EXERCISE DETAILS:
The full listing, word for word and free of images, is the expected result.

INFORMATION PROVIDED:

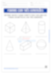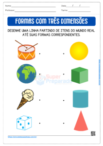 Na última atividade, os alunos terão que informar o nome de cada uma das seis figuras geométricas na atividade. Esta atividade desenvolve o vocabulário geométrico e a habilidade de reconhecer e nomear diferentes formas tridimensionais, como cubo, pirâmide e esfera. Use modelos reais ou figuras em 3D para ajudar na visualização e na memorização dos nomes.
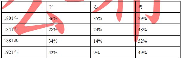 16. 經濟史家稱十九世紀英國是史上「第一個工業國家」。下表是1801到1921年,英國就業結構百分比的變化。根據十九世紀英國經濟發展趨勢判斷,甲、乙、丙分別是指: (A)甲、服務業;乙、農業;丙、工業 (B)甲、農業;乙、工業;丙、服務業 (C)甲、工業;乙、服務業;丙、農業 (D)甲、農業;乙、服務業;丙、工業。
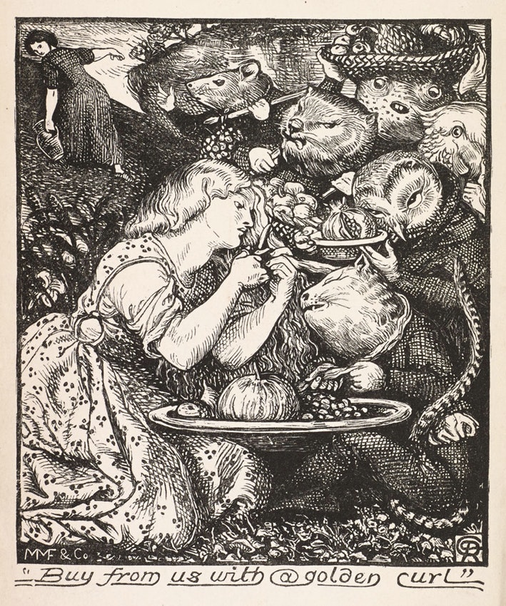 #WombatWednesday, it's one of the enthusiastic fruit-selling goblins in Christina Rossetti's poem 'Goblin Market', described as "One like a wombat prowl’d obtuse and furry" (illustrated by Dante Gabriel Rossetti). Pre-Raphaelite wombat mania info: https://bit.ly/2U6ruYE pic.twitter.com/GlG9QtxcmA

TASK SOLUTION:
 Na última atividade, os alunos terão que informar o nome de cada uma das seis figuras geométricas na atividade. Esta atividade desenvolve o vocabulário geométrico e a habilidade de reconhecer e nomear diferentes formas tridimensionais, como cubo, pirâmide e esfera. Use modelos reais ou figuras em 3D para ajudar na visualização e na memorização dos nomes.
 16. 經濟史家稱十九世紀英國是史上「第一個工業國家」。下表是1801到1921年,英國就業結構百分比的變化。根據十九世紀英國經濟發展趨勢判斷,甲、乙、丙分別是指: (A)甲、服務業;乙、農業;丙、工業 (B)甲、農業;乙、工業;丙、服務業 (C)甲、工業;乙、服務業;丙、農業 (D)甲、農業;乙、服務業;丙、工業。
 #WombatWednesday, it's one of the enthusiastic fruit-selling goblins in Christina Rossetti's poem 'Goblin Market', described as "One like a wombat prowl’d obtuse and furry" (illustrated by Dante Gabriel Rossetti). Pre-Raphaelite wombat mania info: https://bit.ly/2U6ruYE pic.twitter.com/GlG9QtxcmA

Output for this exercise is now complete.